Effects of vitamin D supplementation on serum 25(OH)D3 levels and neurobehavioral development in premature infants after birth

Abstract

This study explored the factors influencing serum 25(OH)D₃ levels and the effects of Vitamin D deficiency (VDD) and VD supplementation on 25(OH)D₃ levels and neuropsychobehavioral development in premature infants, to provide a theoretical basis for improving their prognosis. Physical examination, neuropsychobehavioral development and serum 25(OH)D₃ levels were assessed regularly in 158 preterm infants supplemented with VD formulation. 25(OH)D₃ levels were analyzed at 3, 6, 9, 12, and 18 months after birth. The Gesell neuropsychological development test was conducted at 6, 9, 12, and 18 months after birth to obtain the developmental quotient (DQ). Based on the serum 25(OH)D₃ levels at 42 days of age, the infants were divided into VDD and non-VDD groups. Preterm infants in the VDD group were supplemented with more VD until their 25(OH)D₃ levels were normal, and were divided into sustained VDD (SVDD) and corrected VDD (CVDD) groups according to serum 25(OH)D₃ levels at 3 months of age. Appropriate statistical methods were chosen to compare differences in 25(OH)D₃ and DQ between or among different groups, screen for the factors influencing 25(OH)D₃ levels in preterm infants at 42 days of age, and analyze the relationship between 25(OH)D₃ and DQ. The 25(OH)D₃ levels of preterm infants at 42 days of age were positively correlated with VD supplementation during pregnancy, and before 42 days after birth (P < 0.05). The 25(OH)D₃ levels in preterm infants at 42 days and 3 months of age were positively correlated with the DQ levels at 6, 9, 12, and 18 months of age (P < 0.05). The DQ level in the VDD group, especially SVDD group, was lower than that in CVDD and non-VDD groups at the same time point (P < 0.05). This research thus demonstrates that VD supplementations during pregnancy and after birth is a major factor affecting 25(OH)D₃ levels in premature infants. Early VDD and SVDD can affect their neuropsychobehavioral development, and effective VD supplementation can gradually correct VDD and mitigate this influence.
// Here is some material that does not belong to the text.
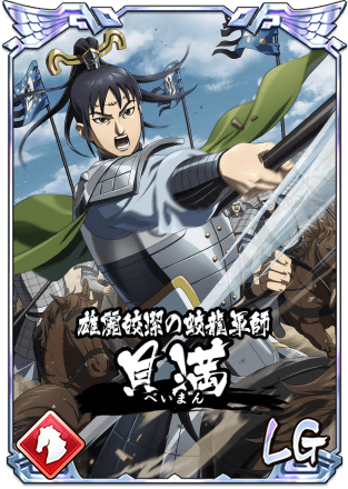 ![]() | 函谷関の戦いで勢いづく蒙武軍を食い止めた汗明の側近である貝満は、裏スキルで攻城戦スキルと2つの全軍強化スキルを習得し、自身が戦場に出陣しなくても貢献できます。 |

Keywords: 25(OH)D3; Neuropsychobehavioral development; Premature infants; Vitamin D; Vitamin D deficiency.

Figure 1

Comparisons of serum 25(OH)D₃ levels in all preterm infants at different time points. ( ** indicates the comparison of 25(OH)D₃ levels between other time points and 42 days, P < 0.01; # indicates the comparison of 25(OH)D₃ levels between 3 m and 6 m, P < 0.05, * indicates the comparison of 25(OH)D₃ levels between 6 m and 12 m, P < 0.01 ).

Figure 2

Comparisons of serum 25(OH)D₃ levels between VDD group and NVVD group at different time points. (* indicates P < 0.01, # indicates P < 0.05). VDD, vitamin D deficiency; NVVD, non-VDD.

Figure 3

25(OH)D₃ levels in SVDD, CVDD, and NVDD groups at different time points. (A) The comparisons of serum 25(OH)D₃ levels among SVDD, CVDD, and NVDD groups at the same time points. (B) Trend plot of 25(OH)D₃ levels in SVDD, CVDD, and NVDD groups. (* indicates P < 0.01, # indicates P < 0.05). SVDD, sustained VDD; CVDD, corrected VDD; NVDD, non-VDD.

Figure 4

Comparisons of DQ levels between VDD group and NVDD group at different time points. (* indicates P < 0.01, # indicates P < 0.05). DQ, developmental quotient; VDD, vitamin D deficiency; NVDD, non-VDD.

Figure 5

DQ levels of SVDD, CVDD, and NVDD groups at different time points. (A) The comparisons of DQ levels among SVDD, CVDD, and NVDD groups at the same time points. (B) Trend plot of DQ levels of SVDD, CVDD, and NVDD groups increasing with age at different months. (* indicates P < 0.01) DQ, developmental quotient; SVDD, sustained VDD; CVDD, corrected VDD; NVDD, non-VDD.